While these indirect funding pathways of backing the Gibe III may satisfy internal requirements of the banks and the scrutiny of policy-makers in major governments, they do not exempt them from responsibility for the impending human rights catastrophe produced by the dam’s operation. The same can be said for global consulting industry firms and individuals.

In the face of growing opposition to mega-dam projects throughout developing countries, the continued legitimation of mega-dam projects—especially controversial ones like the Gibe III—relies heavily on the work of allegedly “independent” impact assessment consultants. Like the Ethiopian government, the World Bank, EIB and AFDB (along with major bilateral agencies) require the services of ‘trusted’ consultants to produce these reviews. The reality of the bidding process is that only those consulting firms and individuals with a history of tacit support for large water development projects and a demonstrated ‘understanding’ that any serious reservations about a project in question will be raised only as ‘concerns’ or ‘suggestions’ for mitigation, monitoring or further study, are generally awarded the lucrative contracts.Footnote 16

Following the Ethiopian government’s request for funding from the European Investment Bank, the Bank contracted Sogreah Consulting for an ‘independent’ review of the GOE’s environmental and social assessment. Sogreah had produced the feasibility study for water resource development, and irrigation agriculture in Ethiopia’s Awash Valley. Founded in 1923, Sogreah is a global engineering, development and management firm supporting worldwide projects, including billions of dollars of hydrodam, energy and electricity developments. Other Sogreah contracts in the region had included feasibility and design of dams on the Atbara and Setit rivers in Sudan.

The AFDB contracted a consultant who had held a senior position for twenty-six years at Gibb Africa for assessment of Gibe III dam impacts on Lake Turkana. Gibb Africa was originally Sir Alexander Gibb & Partners, first active in Ethiopia in the 1960s. Sir Alexander Gibb & Partners became a limited partnership in 1986 and joined the U.S.-based Jacobs Engineering Group in 2001—contracting for water resource projects, including coordination of multi-investor projects for the World Bank that totaled hundreds of millions of dollars.

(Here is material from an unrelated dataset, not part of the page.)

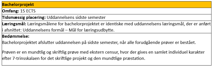 Ved bedømmelse af bachelorprojektet indgår den studerendes stave- og formuleringsevne i bedømmelsesgrundlaget, jf. eksamensbekendtgørelsen §13, stk. 2.

Both the EIB and AFDB assessments failed to challenge the most serious omissions, misrepresentations and fabrications of the GOE’s downstream impact assessment (GOE 2009b). The GOE’s failures included its dismissal of the major seismic threat to the Gibe III dam region, denial of the transboundary nature of the Omo River and its effects, misrepresentation of basic hydrological and ecological features of the region, and misrepresentation of the livelihoods and vulnerability of the indigenous population, and fabrication of “disaster” for local populations from floods (particularly the 2006 Omo River flood).

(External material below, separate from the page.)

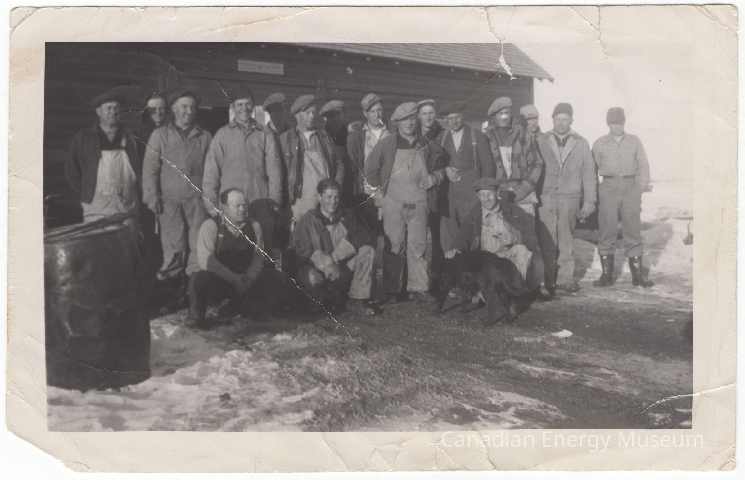 A small black and white photographic print featuring EIGHTEEN men in work cloths, most also wearing cloth flat caps, and accompanied by a black dog. Group are standing in front of a wood-sided single-storey building, with a black oil can to the left of the frame, and snow/ice on the ground.

While the AFDB and EIB 2010 assessments of Gibe III impacts on Lake Turkana and the lower Omo River basin, respectively, did identify some major problems with the GOE’s preparation and specific plans for the dam, their comments and conclusions primarily took the form of ‘suggestions’—generally, for ‘further study’ or for new ‘mitigation’ components. Moreover, most of their suggestions and reservations about the dam and its effects were embedded in lengthy technical text that few would read, so these qualifications were sidelined by the development banks and the GOE—and they remain so. Much of this failure rests with the original ‘bounding’ or ‘scoping’ agreement between bank and consultant, as well as the absence of any accountability other than to the banks themselves—certainly not to the populations most affected by the development. Chapter 6 details these failures for both GOE and development bank assessments. The AFDB and EIB impact assessments fail to explicitly address the transboundary nature of the impact system—instead, only noting the limitations of their Terms of Reference, or ‘scoping’ agreement, for example. They also failed to explicitly treat the cumulative and synergistic effects of the Gibe III dam and the dam enabled large-scale irrigated agricultural enterprises, despite full knowledge of the importance of irrigation system planning by the GOE.Footnote 17 Since the 2010 release of the two reports, GOE Executives, EEPCO and development bank officials continue to cite them as basically endorsing the Gibe III project—particularly in the case of the AFDB report regarding Lake Turkana.

Given the fact that the GOE had already begun construction of the dam almost three years prior to any downstream impact assessment, the development banks and their contracted consulting industry analysts complete the three-way system of collaboration and complicity that illustrates the institutional nexus for river basin development policy.

A Nexus of Public Policy Institutions for River Basin Development: Collaboration with Complicity

A nexus of institutions engaged in public policy for river basin development emerged early in the post-World War II period—in Ethiopia, as well as elsewhere in Africa and other developing countries. These institutions are central to the decisions regarding the formulation and implementation of policy—including its rationalization, promotion and ‘evaluation.’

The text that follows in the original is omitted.